Google Earth Engine (GEE) is a cloud-based platform that allows researchers access to an unprescedented archive of remotely sensed data, as well as the computing power and infrastructure to perform large scale geospatial analysis. As such, GEE has become indispensible for ecological research. However, GEE is not optmized to work with vector data and has limited (albeit growing) options for training and validating machine learning models.
In contrast, R has been used by ecological researchers for decades and has a robust ecosystem of packages and resources for training, tuning and applying machine learning models, including the 'tidymodels' and 'caret' frameworks.
Thus, researchers often find themselves needing to move between R and GEE over the course of a modeling workflow. For example, a researcher might capitalize on GEE's raster processing power to extract predictor variables across a set of training data, then bring the extracted data into R to train and validate a series of models. Ideally, these models could then be applied in GEE across the full raster domain. However, a common sticking point is formatting R-based models in a way that is readable by GEE's javascript based interface.
This repository includes scripts and sample data to take random forest models fitted via the ranger or randomForest package in R and convert them into the 'tree' based string format required for import into GEE. The code presented here is modified from the 'reprtree' package available here: https://github.com/araastat/reprtree/tree/master
The script 0_format_ranger_for_gee.R performs the random forest conversion.
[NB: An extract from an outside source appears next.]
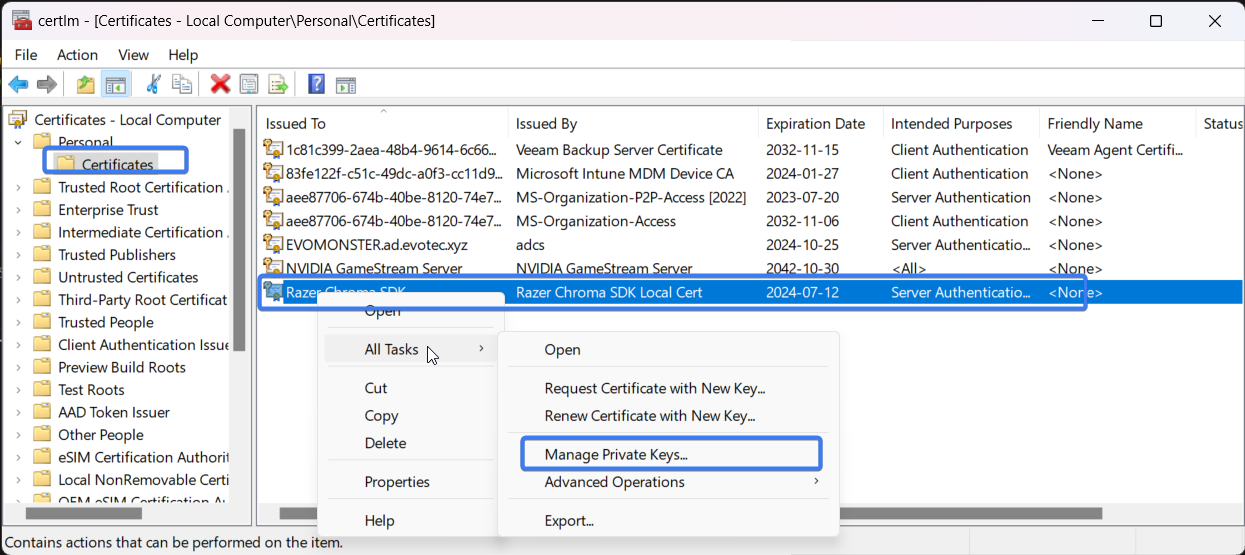 Of course, you need to do it on your proper certificate, not the Razer Chroma SDK certificate, as shown in the screenshot.
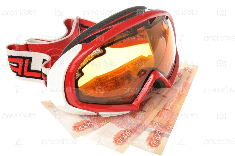 Лыжная маска и деньги на белом фоне

To run this script, users will need a random forest model fitted using either the 'ranger' or 'randomForest' model in R.
The script provides functionality to fit a test model, or users can load an existing model saved as an .RDS file.
In the script, set parameters to your specification:
- model_generation_method: Choose whether to fit an example model ('fit') or load an existing model ('load').
- model_type: Choose which package was used or will be used to fit the model -- 'ranger' or 'randomForest.'
- response_type: Choose 'classification', 'regression' or 'probability' -- note that 'probability' forests are only available via ranger.
- model_fit_package: Specify which R package was used to built the model. Choose 'base' for models fit directly with ranger or randomForest, choose 'caret' for models fit using the caret framework, choose 'tidymodels' for models fit using the tidymodels framework.
- out_mod_prefix: Specify a prefix to use when saving the formatted model. This name will be combined with information on model and response type to create a final model name.
- out_path: Provide an output path where formatted forest will be saved.
If loading an existing model:
- in_path: Provide the input path where the fitted model is saved as a .rds file.
NOTE: when providing an existing model, still populate all other parameters to ensure the model is processed properly.
The output will be a .txt file with the random forest model formatted for input into GEE.
The script 1_apply_model_in_gee.R contains javascript pseduo-code for importing the model into GEE and applying it across a stack of predictor variables.